TOM JAMES: Impact of child support enforcement on custody, Part I.

The essential nature of the child support order underwent a significant change in the nineteenth century. With the sanctification of motherhood (stay-at-home mothering) attendant to the intensification of the division of social roles by sex wrought by the Industrial Revolution came a growing concern among judges that single, divorced and separated women and their children would become a financial burden on the community (the state). Unless the father or ex-husband provided for them economically, a mother and her children could become dependent either on the state or on the limited resources of charitable relief organizations for their support. As a result, late nineteenth century judges increasingly cited a public policy in favor of preventing women and children from becoming financial burdens upon the state as the basis for their support orders. For this reason, courts began to describe a father’s child support obligation as being more than a merely private obligation between parents; now it was also a “duty to the public.” . . .

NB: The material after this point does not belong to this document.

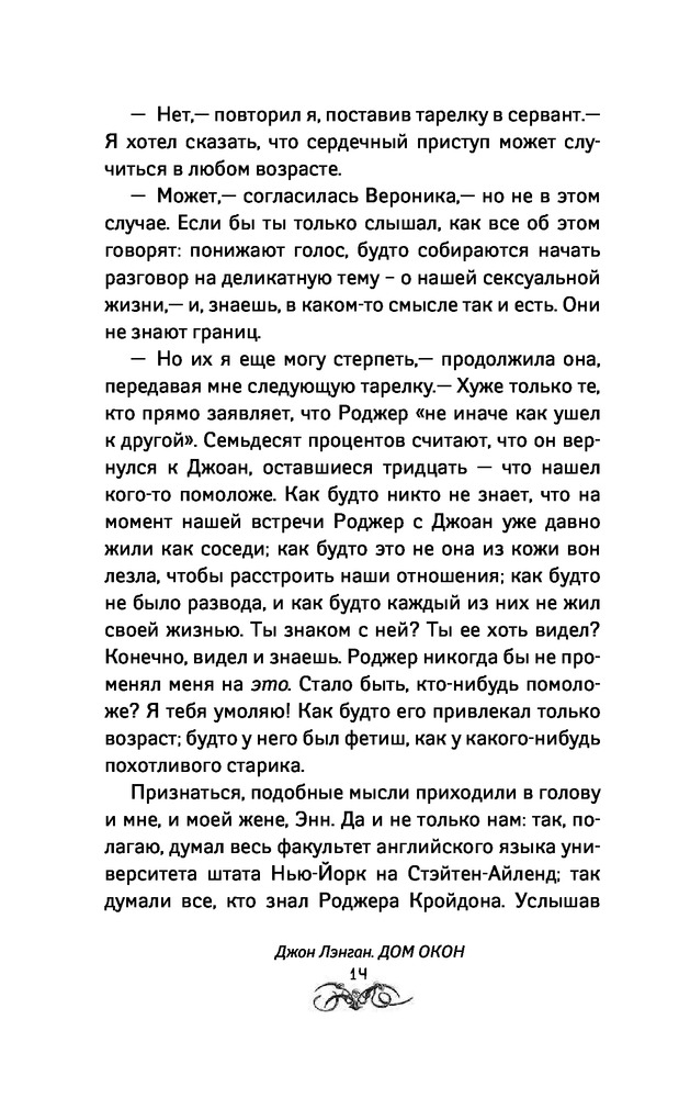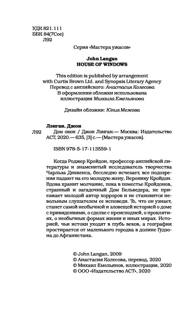 Дом оконВ данный момент этот товар отсутствует в продаже. Возможно, у нас найдется аналогичный или похожий товар здесь. Серия: Мастера ужасов Когда Роджер Кройдон, профессор английской литературы и знаменитый исследователь творчества Чарльза Диккенса, бесследно исчезает, все подозрения падают на его молодую жену, Веронику Кройдон. Вдова хранит молчание, пока в поместье Кройдонов, странный и загадочный Дом Бельведера, не приезжает молодой автор хорроров и не становится невольным слушателем ее исповеди. То, что он узнает, станет самой необычной и зловещей историей о доме с привидениями, о сделке с преисподней, о проклятиях, о необычных формах жизни и иных мирах. Историей, чьи истоки уходят в глубь веков, а география простирается от маленького городка в долине Гудзона до Афганистана. |
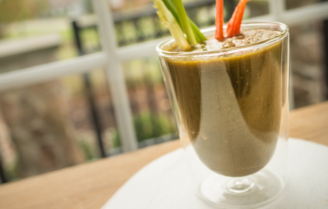 Blend a tasty combination of vegetables with a splash of lemon and some fresh horseradish for a deliciously savory drinkable salad. It's a great way to eat more vegetables.

The concept of child support as a civic obligation, as distinguished from a purely private one, was reflected in the criminal nonsupport statutes that were enacted in the nineteenth century. . . .

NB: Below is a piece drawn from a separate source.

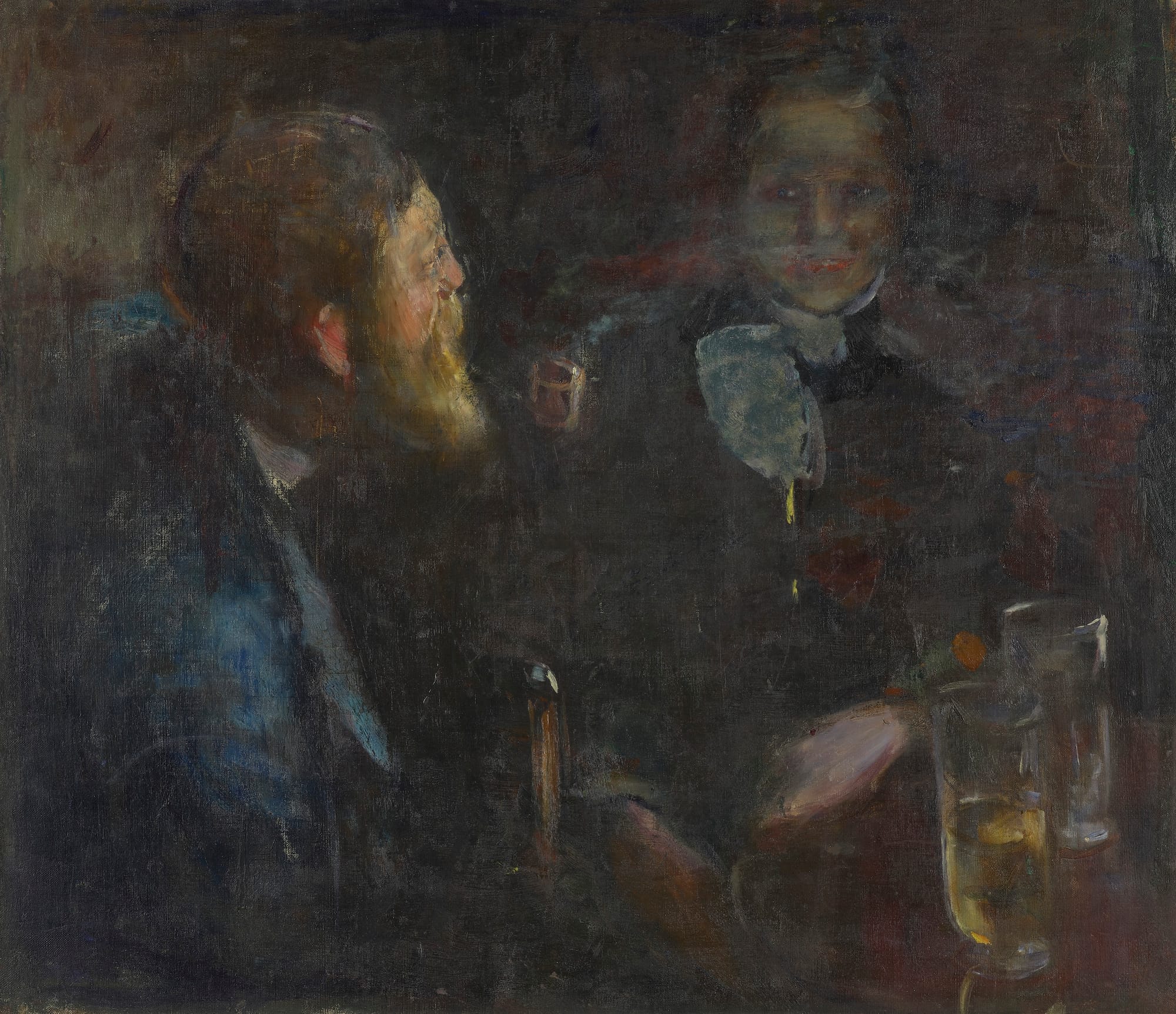 Yet further explanation is what the distracting wall labels want to give us, almost comically so: The wall label for arguably the most interesting piece in the show, “Tête-à-tête” (1885), declares that in this image of a couple drinking in a dive, “the glint of the woman’s teeth and her reciprocal gaze suggests the attraction is mutual, reinforcing the bohemian belief in women’s liberation.” It is wildly presumptuous to conclude that Munch intended this specific facial grimace as representative of a whole sociopolitical movement. Incidentally, the lighting of the piece results in an obstructive reflective glare, hiding the subtlety of its muddiness.

Consistent with the intent of these statutes, a father could not be punished merely for failing to contribute money to his children unless they actually went without parental support. It was only those fathers who put their children at risk of becoming dependent on state funds for their support who could be prosecuted under these statutes.

In most states today, a parent may be prosecuted for nonsupport even if the other parent is independently wealthy.

Footnotes at the link.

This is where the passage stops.